Sherlock shook his head. "There's no point in putting out a press release if you're going to tell a dozen people it's not true. People talk. They can't help themselves. The only reason I'm suggesting we tell Molly you're not dead is because John couldn't tell her a convincing lie if his life depended on it."

Lestrade felt the implication like a kick to the chest: if Matthew was somewhere he had access to newspapers and telly, he'd be one of the first to hear that his father had died. He shook his head. "No. Might be all right for sociopaths, but I can't let my family think I'm dead."

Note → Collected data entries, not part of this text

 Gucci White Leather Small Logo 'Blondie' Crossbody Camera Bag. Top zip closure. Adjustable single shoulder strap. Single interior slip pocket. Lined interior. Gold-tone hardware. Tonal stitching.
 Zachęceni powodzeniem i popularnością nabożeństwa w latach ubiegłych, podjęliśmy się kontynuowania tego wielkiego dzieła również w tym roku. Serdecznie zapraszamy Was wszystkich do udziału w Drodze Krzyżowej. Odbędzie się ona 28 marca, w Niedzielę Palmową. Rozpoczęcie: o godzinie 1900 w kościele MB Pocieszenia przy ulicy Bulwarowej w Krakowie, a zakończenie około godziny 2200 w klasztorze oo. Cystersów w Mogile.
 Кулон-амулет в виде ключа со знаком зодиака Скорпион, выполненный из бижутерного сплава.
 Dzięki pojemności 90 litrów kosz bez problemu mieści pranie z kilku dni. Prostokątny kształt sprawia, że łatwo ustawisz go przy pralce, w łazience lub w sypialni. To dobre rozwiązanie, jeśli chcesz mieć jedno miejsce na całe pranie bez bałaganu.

"It can cause complications, I'll grant you." Sherlock spoke without smiling. "But actually doing it is surprisingly simple. Despite my reputation, I don't condone staging a suicide for fun. This is life or death. The only way we can keep you safe for now is to pretend their murder attempt succeeded. They won't try to kill a dead man."

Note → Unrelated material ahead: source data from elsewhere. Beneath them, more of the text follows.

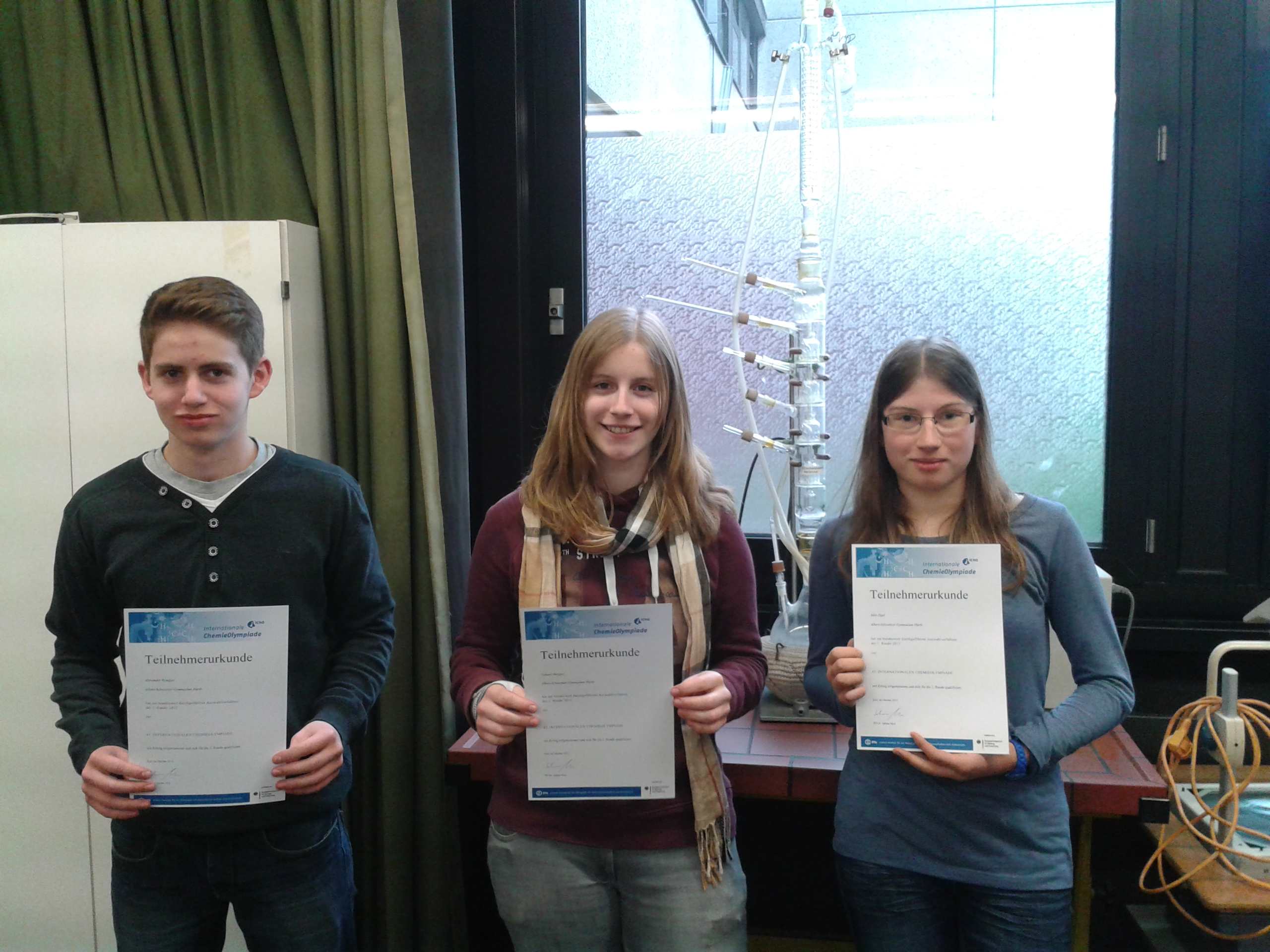 Auch in diesem Jahr konnten sich mit Tamara Hergert, Alexander Röntgen (beide Q2) sowie Ailin Sigel (9s) drei Schülerinnen und Schüler vom ASG für die 2. Runde der Chemieolympiade qualifizieren. Hierzu mussten sie innerhalb von etwa drei Monaten vier Aufgaben aus unterschiedlichen Teilgebieten der Chemie theoretisch bearbeiten. Inhaltlich gingen die Aufgaben über das Schulniveau hinaus, so dass eigenständige Recherchen in der entsprechenden Fachliteratur nötig waren. In der zweiten Runde werden die Aufgaben noch ein wenig kniffliger und sind vom Schwierigkeitsgrad auf Universitätsniveau anzusiedeln. Jedoch muss man nicht alles richtig lösen, um in die nächste Runde einzuziehen.
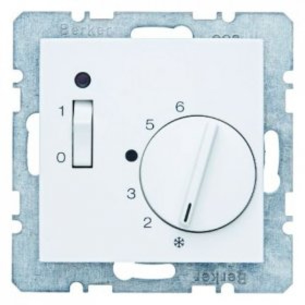 20301909 Регулятор температуры помещения с размыкающим контактом, центральной панелью, одноклавишным выключателем и светодиодом цвет: полярная белизна, матовый S.1/B.1/B.3/B.7 Glas Berker
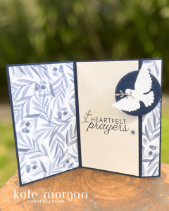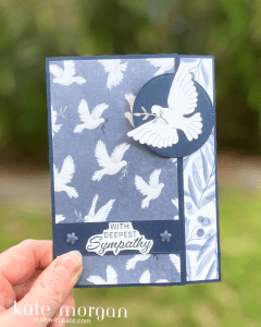 This handmade sympathy card features the Peace on Earth bundle and the Peaceful Garden Designer Series Paper (DSP) in a very easy fun fold design. The narrow panel on the right folds back to open the card, with the circle feature holding the card closed. This fold is so versatile to use with any of the beautiful Stampin’ Up! Designer Serie Papers.
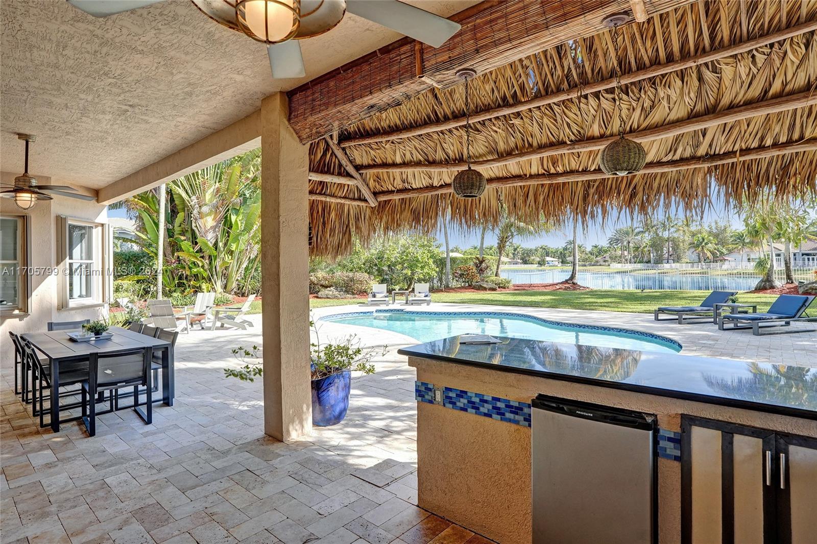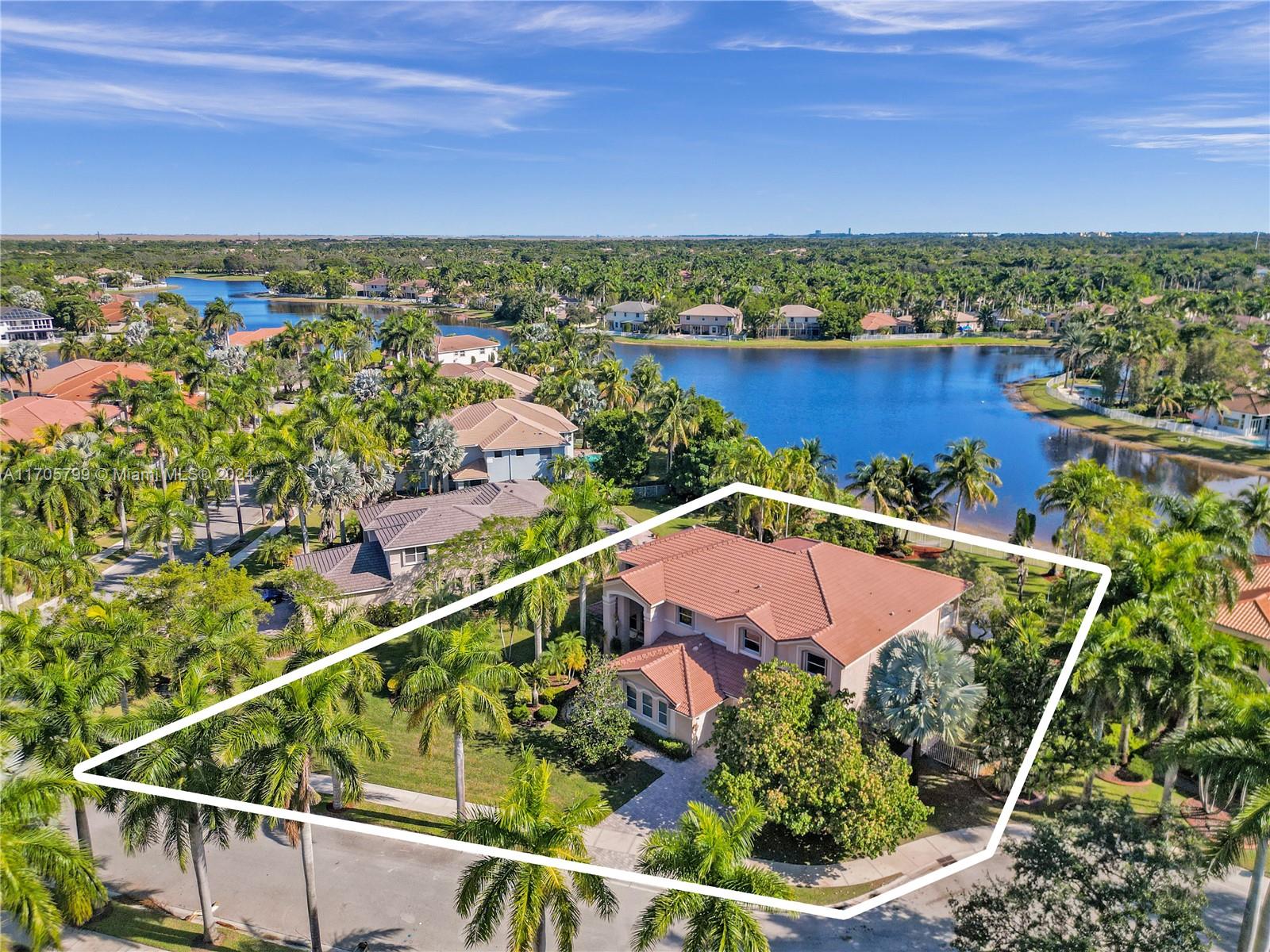This stunning, palatial lakefront 5Bed/5Bath/3CG residence of almost 5000SF/ac w/game/media room, office/playroom situated on an amazing 1/2 acre corner/cul-de-sac lot in Savanna's most prestigious enclave, The Cove. Fully fenced resort-style backyard retreat w/sparkling pool, covered patio & tiki-hut w/fully equipped summer kitchen. Gourmet kitchen features dual toned cabinetry, gorgeous quartzite counters, top of line Miele & Sub-Zero appliances. Downstairs features an office & large game room, cabana bath & powder room. Upstairs, the luxury primary suite w/generous sitting rm, leads to wide balcony w/breathtaking lake/pool views.Double staircases, marble & wood flooring, newer AC's & W/H. Enjoy the incredible Clubhouse,w/lap pool, miniature golf, waterslide/tot pool, Weston's A+ schools
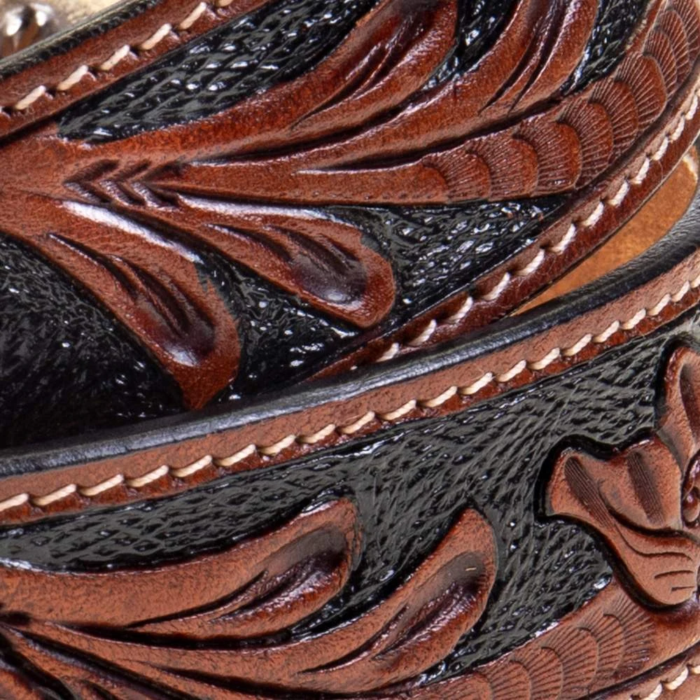 This belt features floral tooling with a hand painted black background, interchangeable silver buckle, leather stay and single stitch edges.
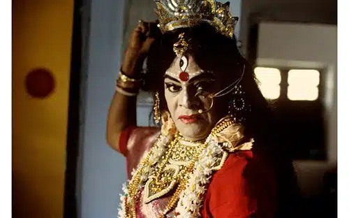 In Performing the Goddess, we witness Bhaduri’s reverent and precise nightly preparation for the role of Sitala and his exhausted stripping away of costume after the performance. This body of work makes a crucial commentary on the performative nature of gender.

"Greg," Melissa spoke up. "He's right, you know. Whether the killer is trying to get at your family, your team, or both, you're the ultimate target. If they think they've succeeded, it's possible the only person who will die next is the killer."

"Why the killer?"

"People who go on murder sprees of this level and speed usually end them by committing suicide." Melissa sounded matter-of-fact. "Even if they don't go to that extreme, they're likely to move out in the open over something like this. It might be the best chance we have of catching them."

Lestrade thought this one over in silence.

"If you think it'll help, do what you need to do," he said.